■ EXERCISE PROMPT
Your answer must be a single number: the count of lines in the entries below that hold "ງແວດລ".

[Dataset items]
= = = = =

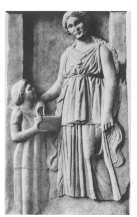
e. Berlin, S.M. K40
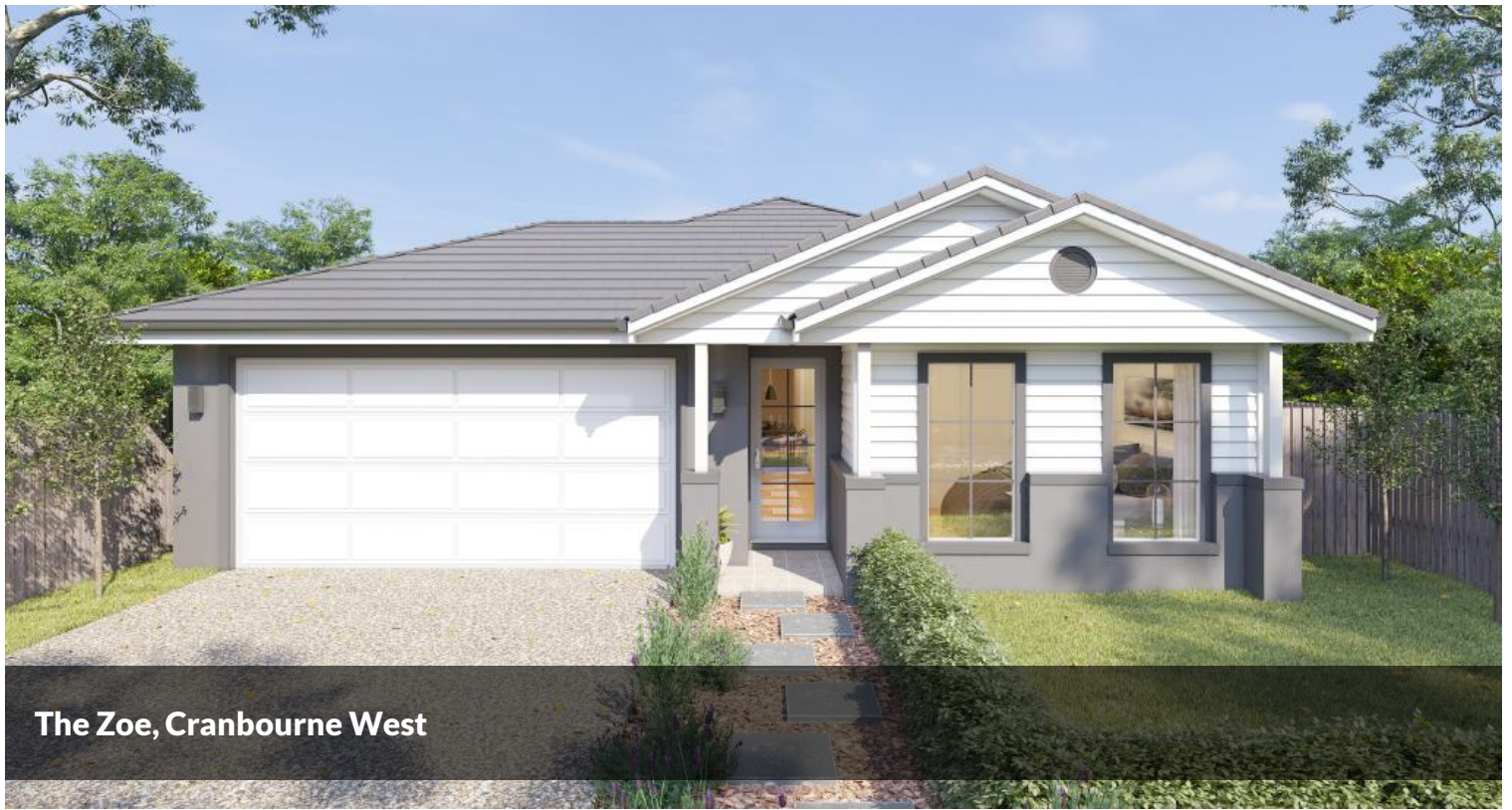
The Zoe, Cranbourne West
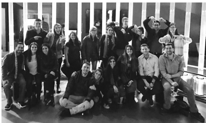
▲ Young Members Night Out- Exploratorium Museum (12/29)

The most impactful change announced this year was the partnership with Aegis Communications, the publisher of Compendium of Continuing Education in dentistry beginning with Volume 38.
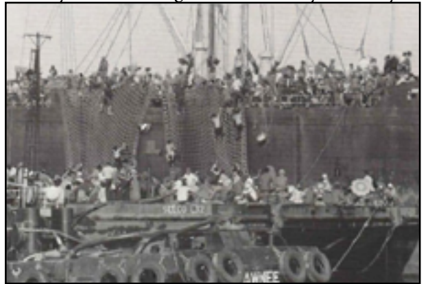
In their desperation, local Vietnamese used any means of transportation available to leave the country—including riverboats and barges.

DO Case Officer: We did not get out a lot of the agents that the Agency had scattered around the country. One of the agents that actually saved my
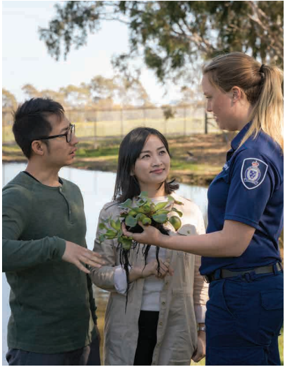
ທ່ານສາມາດຊ່ວຍພວກເຮົາຢຸດຍ້ອງມີໄຟໄດ້ ໃຫ້ຫຍ້າຊະນິດນີ້ ເຂົ້າມາແຊກແຊງສິ່ງແວດລ້ອມ.

ຕິດຕໍ່ຫາພວກເຮົາ ຈົ່ງແຈ້ງໃຫ້ເຮົາຊາບຖ້າທ່ານເຫັນຜັກຕົບຢູ່ໃນແມ່ນໍ້າ, ບຶງ ຫຼື ລ່າທານໃນເຂດທ້ອງຖິ່ນຂອງທ່ານ ເພື່ອວ່າເຮົາຈະໄດ້ໄປຮີ້ອອກແລະຊ່ວຍປ້ອງກັນສິ່ງແວດລ້ອມຂອງອອສຕຣາລີ້ຍ.
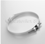
Hose clamp, bolt clamp

= = = = =

■ EXERCISE ANSWER
2